Lovetts finds that a solicitor's letter prompts payment in 84% of cases. Lovetts has analysed the success rate of the Letters Before Action it has issued over the past year and has found that 84% of cases settle at the letter before action stage. Despite this, businesses are still slow to take action against late payers, and Lovetts found that on average, businesses are waiting 64 days from the date the invoice is due before sending a letter before action. Michael Higgins, MD of Lovetts said: "In some cases we have found that debtors intentionally wait until they receive a solicitor's letter before they make payment therefore, taking action quicker is vital to cashflow.

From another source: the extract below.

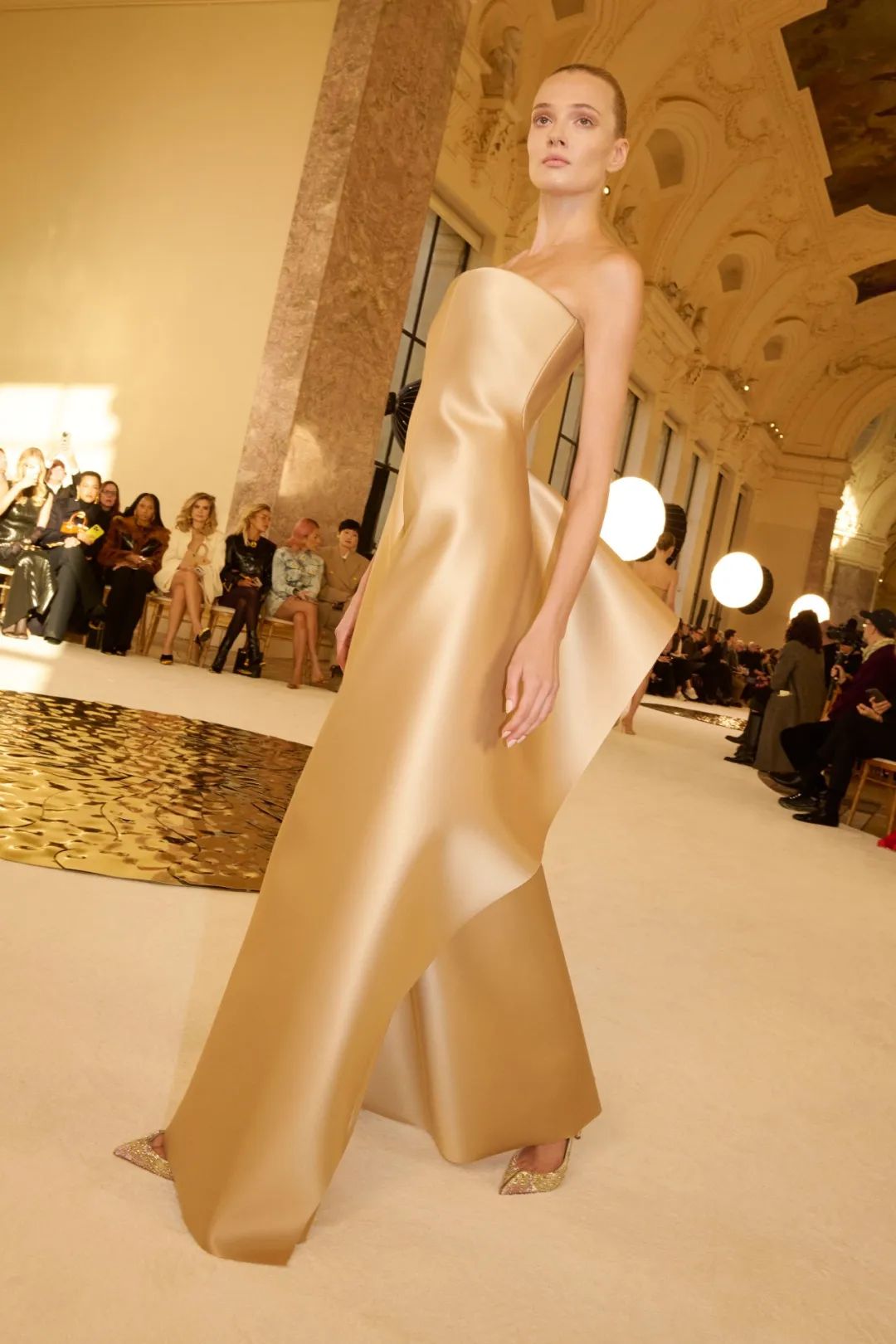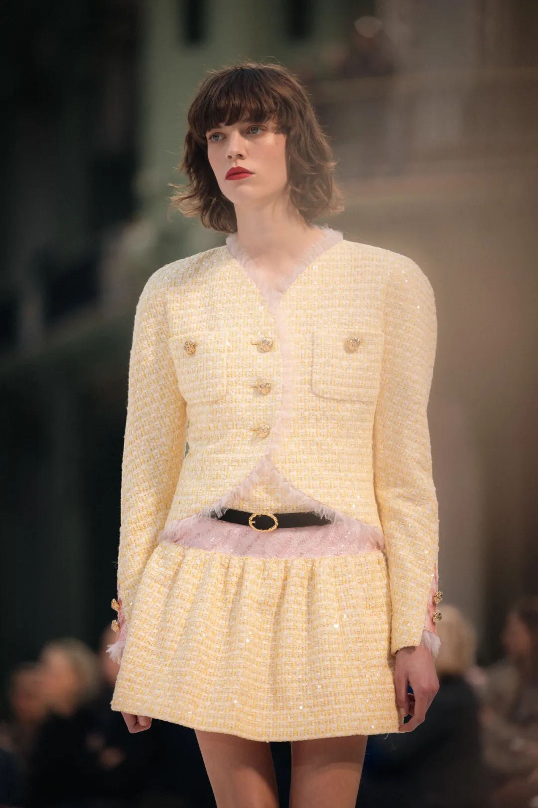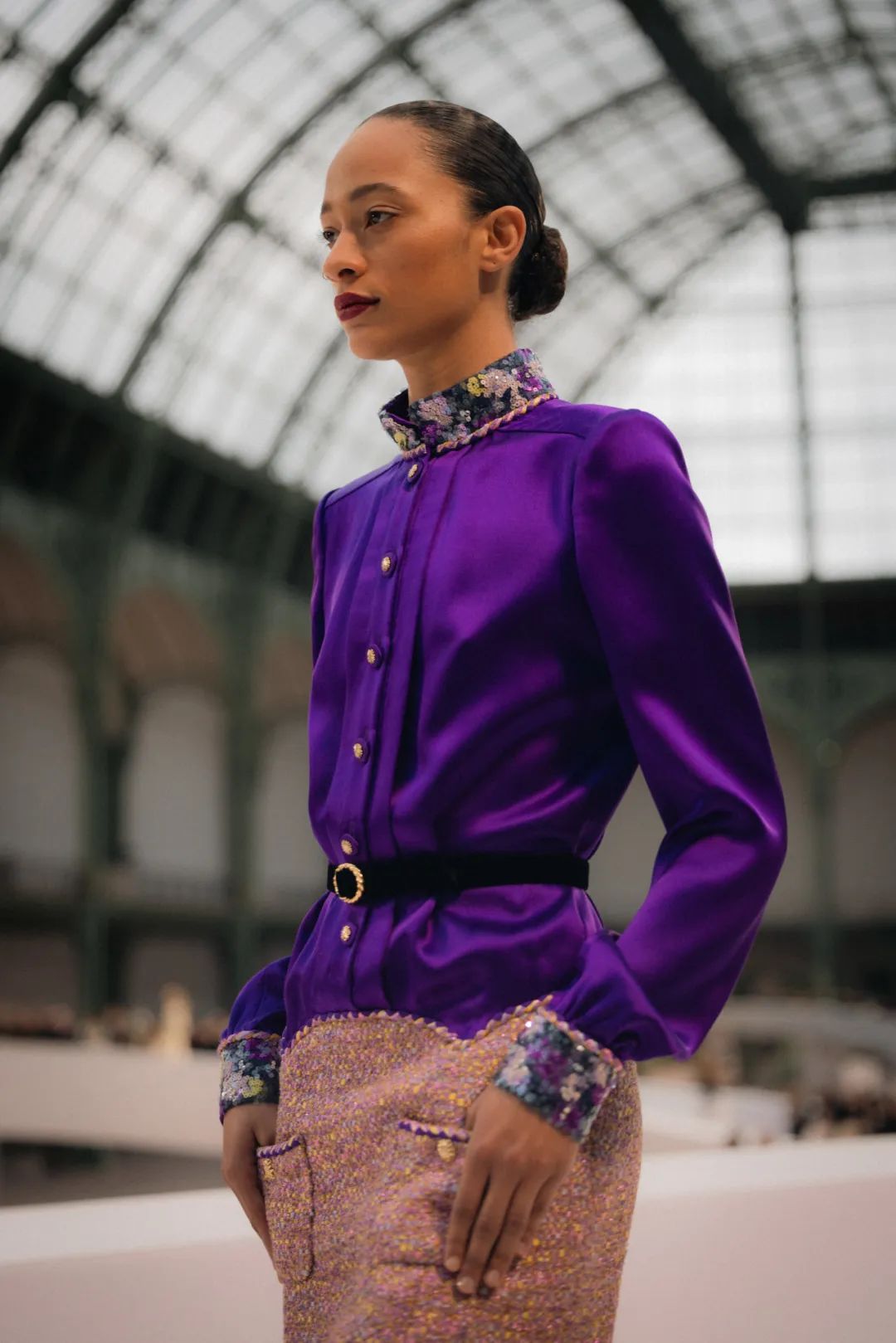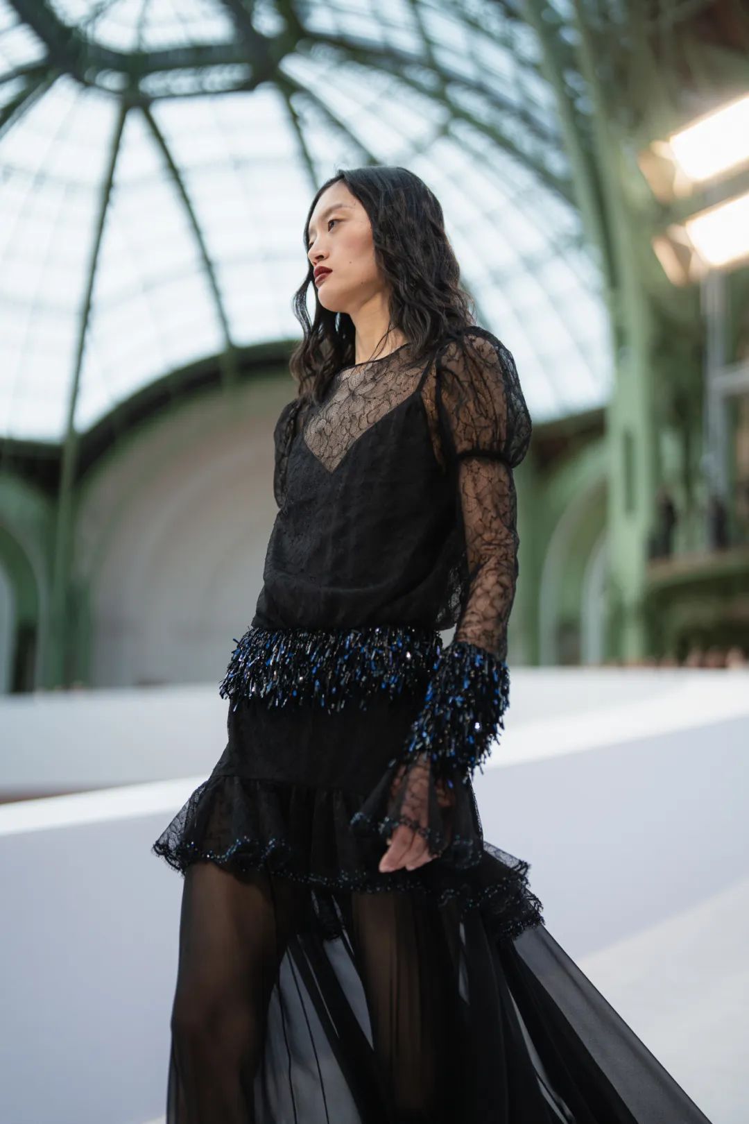 在巴黎大皇宫的中殿,由双C勾勒出T台的轮廓,犹如一个无限符号。它象征着高级定制服的无限卓越,而香奈儿作为现存历史最为悠久的高级定制服品牌,始终坚守着这份传承。秀场由舞美设计师Willo Perron构思,令人联想到精品部创意工作室此次选择创新演绎的色环。作曲家Gustave Rudma与Michel Gaubert合作,为发布会创作了原创曲目。

While we understand the reluctance some firms may have enlisting the services of a solicitor and how this might be perceived by their customers, in the 22 years we have been in business, we are not aware of any client who has lost a customer by taking this action." To read Lovetts' news release go to https://www.lovetts.co.uk/
Strong growth remains a prospect for a number of manufacturing sectors. EEF has published an article, 'Which sectors are on track for growth this year?' which advises that its forecast for manufacturing now stands at 0.7% compared with expectations of 1.5% three months ago. However, EEF suggests that there is still some good news around and strong growth remains a prospect for a number of manufacturing sectors. For example, the transport sectors have long been a source of positivity, and this looks set to continue for both motor vehicles and other transport. Similarly, although UK construction growth slowed at the start of 2015 compared with 2014, longer term forecasts suggest the construction recovery should continue to broaden, providing a good grounding for growth. To read EEF's news release go to http://www.eef.org.uk/
August was the worst month for the UK high street since the beginning of the global financial crisis. BDO’s monthly High Street Sales Tracker recorded a massive 4.3% drop in year-on-year sales for August – the biggest fall since November 2008 and the sixth monthly dip of 2015. All sectors suffered, with sales of fashion down 5.5%, homewares down 3.3% and lifestyle goods down 1.3% year-on-year for August. With retailers reporting falling footfall, problems have also been compounded by a sharp decline in online sales too. To view BDO's news release go to http://www.bdo.co.uk/press/
UK corporate insolvencies hit their lowest level since 2007. Graydon has published an article, 'Corporate insolvencies continue to fall – for now', which reports that UK corporate insolvencies fell by 7.5% year-on-year in the second quarter of 2015, and in England and Wales hit their lowest level since the fourth quarter of 2007. In addition, GDP growth per capita has returned to “broadly level with its pre-economic downturn peak in 2008”, according to Joe Grice, ONS' chief economist. In fact, the CBI anticipates UK GDP growth of 2.6% this year and 2.8% next year. To read Graydon's news release go to https://www.graydon.co.uk/
178% increase in the number of UK food and beverage industry companies going into administration or liquidation in the first half of 2015. Grant Thornton's BiteSize quarterly analysis of M&A in the food and beverage sector indicate that in the first six months of 2015 the number of companies going into administration or liquidation increased by 178% to 131 compared with the last half of 2014. However, there has also been an upturn in the number of businesses acquired from administration, with four companies acquired in both the first and second quarters of 2015 - representing a 50% increase on the last six months of 2014. The most noteworthy deal in the second quarter in the bakery and confectionery space was the acquisition of ailing British chocolatier Thorntons. To read Grant Thornton's news release go to http://www.grantthornton.co.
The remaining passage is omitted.